Prior Workplace Injuries
- Do not ask an applicant whether they previously were injured on the job.
- Do not ask an applicant whether they previously filed a Workers' Compensation claim.
- Do not ask an applicant his/her age or date of birth.
- Do not ask an applicant any questions that would reveal his/her age. For example, avoid questions such as "When did you graduate from high school?"
- You may, however, ask when the applicant graduated from college when there is a legitimate, job-related reason to obtain this information, since there are many individuals who go to college or go back to college many years after graduating high school.
- Do not suggest that an applicant is overqualified or that you are seeking someone with a more recent education.
- Do not ask an applicant questions about their citizenship, lineage, ancestry, national origin, descent, parentage or nationality.
- You may, however, ask the applicant "If you are hired, would you be able to provide proof of authorization to work in the United States?" This question is included in the online application process. Another acceptable example is "Are you legally eligible to work in the United States?"
- Do not ask whether English is an applicant's first language. If fluency in a particular language is a bona fide occupational qualification for the job, however, you may inquire about an applicant's ability to speak, read and write the language.
- Do not ask applicants about religion.
- You should, however, let an applicant know if work is required on Saturdays or Sundays and ask if they can work on those days. If a candidate requests a religious accommodation, make a notation of the request and, upon completion of the interview, contact Human Resources.
- Do not ask the prospective employee whether they have ever been arrested or convicted of a crime. If a candidate discloses a prior arrest or conviction, make a notation of the information and, upon completion of the interview, contact Human Resources. Under the New York State Human Rights Law, it is illegal to refuse to hire an applicant because of their prior criminal conviction record, unless there is a sufficient connection between the criminal history and the particular job requirements. This requires a very specific set of inquiries and legal analysis under New York law.
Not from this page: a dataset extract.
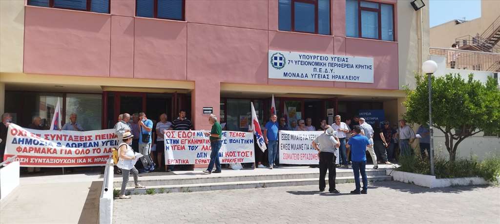 Παράσταση διαμαρτυρίας πραγματοποίησαν σήμερα τα σωματεία: Ένωση Ιδιωτικών Υπαλλήλων Ηρακλείου, Συνδικάτο οικοδόμων Ν.Ηρακλείου, το Συνδικάτο γάλακτος τροφίμων και ποτών και το σωματείο εργαζομένων ΠΑΓΝΗ και η Ένωση Συνταξιούχων ΙΚΑ Ηρακλείου στην 7η ΥΠΕ.

- The University requires a background check for most new hires (as of February 2014); please see information about this procedure on our website: http://www.stlawu.edu/human-resources/resource/pre-employment-background-check-procedures. Human Resources will facilitate a criminal background check if required for a particular job.
Domestic Violence Victim Status
- Do not ask an employee whether they have ever been the victim of domestic violence.
- Do not ask questions about the applicants' past or present labor union activities.
Other Areas of Inquiry to Avoid
- Do not ask a prospective employee the names, ages, and addresses of relatives.
- Do not ask an applicant to state their height or weight, unless you can show that information is justified by a legitimate business necessity and only after receiving prior approval from Human Resources.
- Do not ask an applicant about any questionable social media activity that may have come to your attention. If you have a concern about a candidate’s social media activity, contact Human Resources first.
- You may ask an applicant whether they were in the military and, if so, to describe the education and experience the applicant received. Do not, however, ask the applicant who was in the military to state what type of discharge received.